Friday, Nov. 04, 1966
Engineer of Movement
"If one makes a moving thing," says Sculptor George Rickey, "one is always surprised, no matter how preconceived the design, at the movement itself. It seems to come from elsewhere. The pliers only made the arrival possible." In recent years, Rickey's pliers -- along with welding torch and sheet-metal cutters -- have produced whole families of curiously moving metal sculptures that gambol and gimbal in the wind, slicing segments of time like pendulums or spinning until the sunlight splinters into a spectral blur (see color).
Gun Turrets to Mobiles. It took Rickey a long time to realize that he could use movement itself, as another artist might use colors, to create art. As a boy, he was gifted with a strong mechanical bent, perhaps inherited from his grandfather, who was a clockmaker, and his father, a mechanical engineer who was sent to Scotland from South Bend, Ind., to manage the Singer sewing machine factory in Clydebank. Rickey also showed an early facility for drawing, and while at Balliol College, Oxford, he used to cross the street to sketch at the Ruskin School of Drawing.
Upon his return to the U.S., he continued painting while teaching history and art, including three years at the exclusive boys' school, Groton. In World War II, the Army Air Corps put Sergeant Rickey to teaching the use and maintenance of remote-controlled gun turrets in B-29 bombers. Surrounded by servos and selsyns, he made his first moving sculpture. Unlike Alexander Calder's mobiles, which evoke stems and leaves, Rickey's relate to wheels and other mechanical forms. The influence of the constructivists* on him has been strong.
Cogs to Cognition. In the 1950s, Rickey made a series of sculptures called Little Machines of Unconceived Use, whose metal surfaces traveled in interpenetrating orbits on pivots within pivots within pivots. They reminded him of the sidewheelers steaming down the Clyde in Scotland, with their rocking arms and connecting rods churning, barely missing each other in what he calls "dramatic crises." In Rickey's Lumina, the rapid flickering lends meaning to the watchmakers' term for controlled motion--escapement.

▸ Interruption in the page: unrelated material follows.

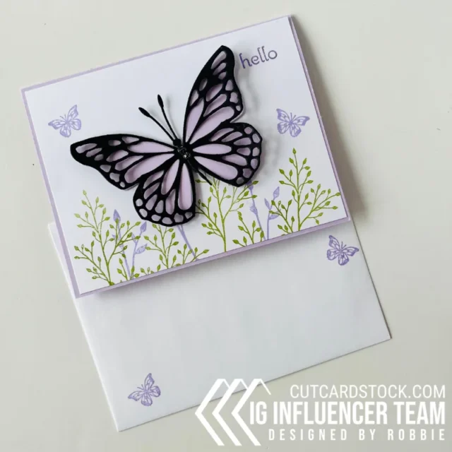 This die set cuts out the solid body, the lacy wings, and the body. The Hydrangea Purple cardstock Is a soft pastel color perfect for this card base.
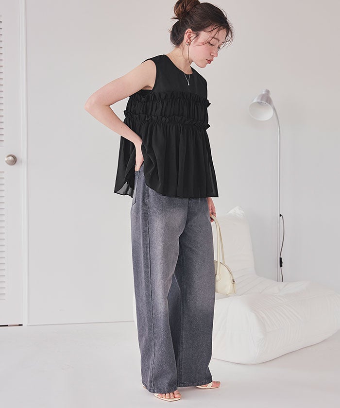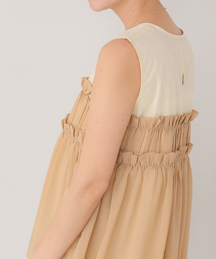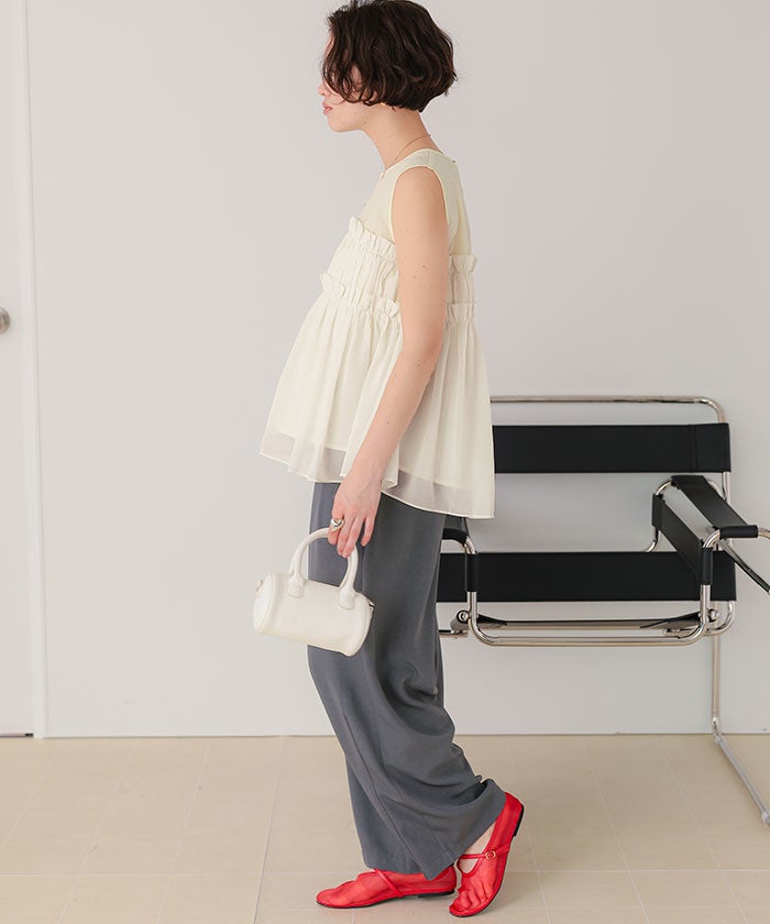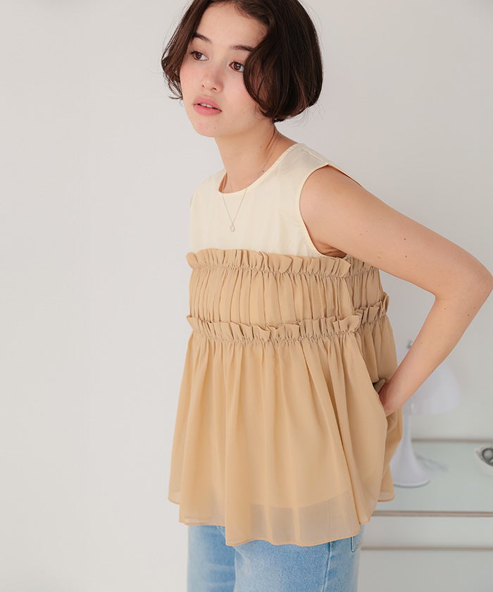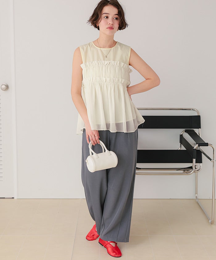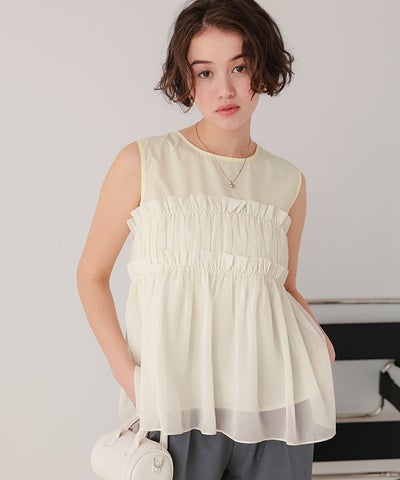 ・たっぷりとギャザーの入った、メリハリのあるシルエットがかわいいノースリーブトップス

"Artists prosper," says Rickey, "but it becomes no clearer what art is. To present a Swedish roller bearing as art is at least as plausible as Warhol's presenting a commercial container." Rickey's difference, as the current exhibition of 75 of his works in Washington's Corcoran Gallery of Art demonstrates, lies in subordinating the precision bearing to the pure expression of what it is meant to supply--freedom of movement. He divorces the machine from function and allows it to do what is natural for it. Says he: "In a mechanized environment a machine that is carefully designed to be useless echoes the whimper or many a cog: 'What's the use?" Perhaps Rickey's nonfunctional machines show that out of tiny cogs a mighty concept of harmonious motion may grow, giving art another dimension at which it traditionally could only hint.
* George Braziller Inc. will publish Rickey's first book, Constructivism: Its Legacy and Its Heirs, in the spring.